Serbia blasts NATO forces over inaction during Kosovo clashes | Conflict News

Serbia’s top political and security leadership, led by President Aleksandar Vucic, meets in Belgrade following violent clashes a day earlier in Kosovo.

Serbia has condemned NATO-led peacekeepers stationed in neighbouring Kosovo for allegedly failing to stop “brutal actions” by Kosovo police against ethnic Serbs.

Serbia’s armed forces stationed near the border will remain on the highest state of alert until further notice, the government added.

Serbia’s top political and security leadership, led by President Aleksandar Vucic, met in Belgrade on Saturday following violent clashes a day earlier between Kosovo police and ethnic Serbs that injured more than a dozen people.

In response to the clashes, Vucic on Friday ordered troops closer to the border with Kosovo.

“Due to the brutal use of force by [Kosovo Prime Minister] Albin Kurti and his forces against the Serbian people in Kosovo … the armed forces of the Republic of Serbia will remain at the highest level of combat readiness,” said a statement after the meeting of the top Serbian leadership.

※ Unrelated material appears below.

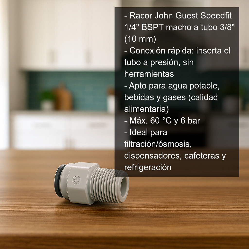 El racor John Guest Speedfit rosca macho 1/4" BSPT a tubo 3/8" (10 mm) es un conector rápido diseñado para realizar uniones seguras y estancas en instalaciones de agua, bebidas y gases. Es una solución muy utilizada en sistemas de filtración, ósmosis inversa, dispensadores, cafeteras, equipos de refrigeración y líneas de suministro donde se requiere una conexión fiable y fácil de mantener.

The statement also said an international civilian mission and NATO-led troops – stationed in the former Serbian province since Serbian forces were forced to leave the region in 1999 – “did not do their job” to protect the Serbs.

NATO, meanwhile, urged Kosovo to dial down tensions with Serbia, a day after its government forcibly accessed municipal buildings to install mayors in ethnic Serb areas in the north of the country.

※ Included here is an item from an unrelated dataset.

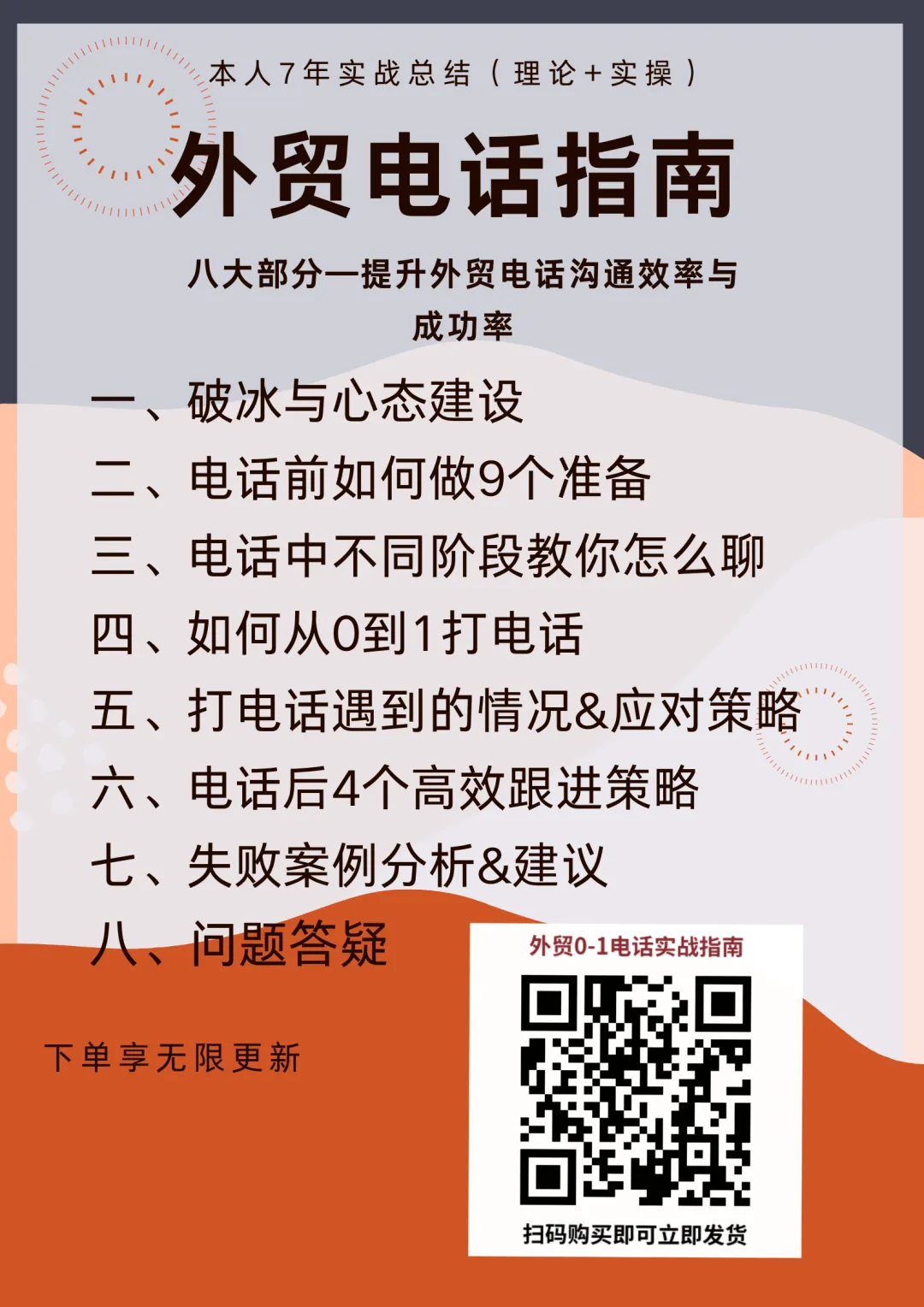 我结合7年5万个电话实战写成《外贸电话指南》59.9,保姆级指导从0-1上手电话开发,内容如下。

“We urge the institutions in Kosovo to de-escalate immediately & call on all parties to resolve the situation through dialogue,” said Oana Lungescu, a spokeswoman for the transatlantic military alliance, in a Twitter post.

She said KFOR, the 3,800-strong NATO-led peacekeeping mission in Kosovo, would remain vigilant.

‘Violent obstruction’

Almost a decade after the end of a war there, Serbs in Kosovo’s northern region do not accept Kosovo’s 2008 declaration of independence from Serbia and still see Belgrade as their capital.

Ethnic Albanians form more than 90 percent of the population in Kosovo, with Serbs only the majority in the northern region.

The United States and several Western countries condemned Kosovo’s government for using police to forcibly allow entry to the municipal buildings. Kosovo Prime Minister Kurti on Saturday defended the police action.

“It is the right of those elected in democratic elections to assume office without threats or intimidation,” Kurti said on Twitter. “It is also the right of citizens to be served by those elected officials. Participation – not violent obstruction – is the proper way to express political views in a democracy.”

It was not the first time that Vucic has warned that Belgrade would respond to violence against Serbs, and he has stepped up combat readiness several times during moments of tension with Kosovo.

However, any attempt by Serbia to send its troops over the border would mean a clash with NATO troops stationed there.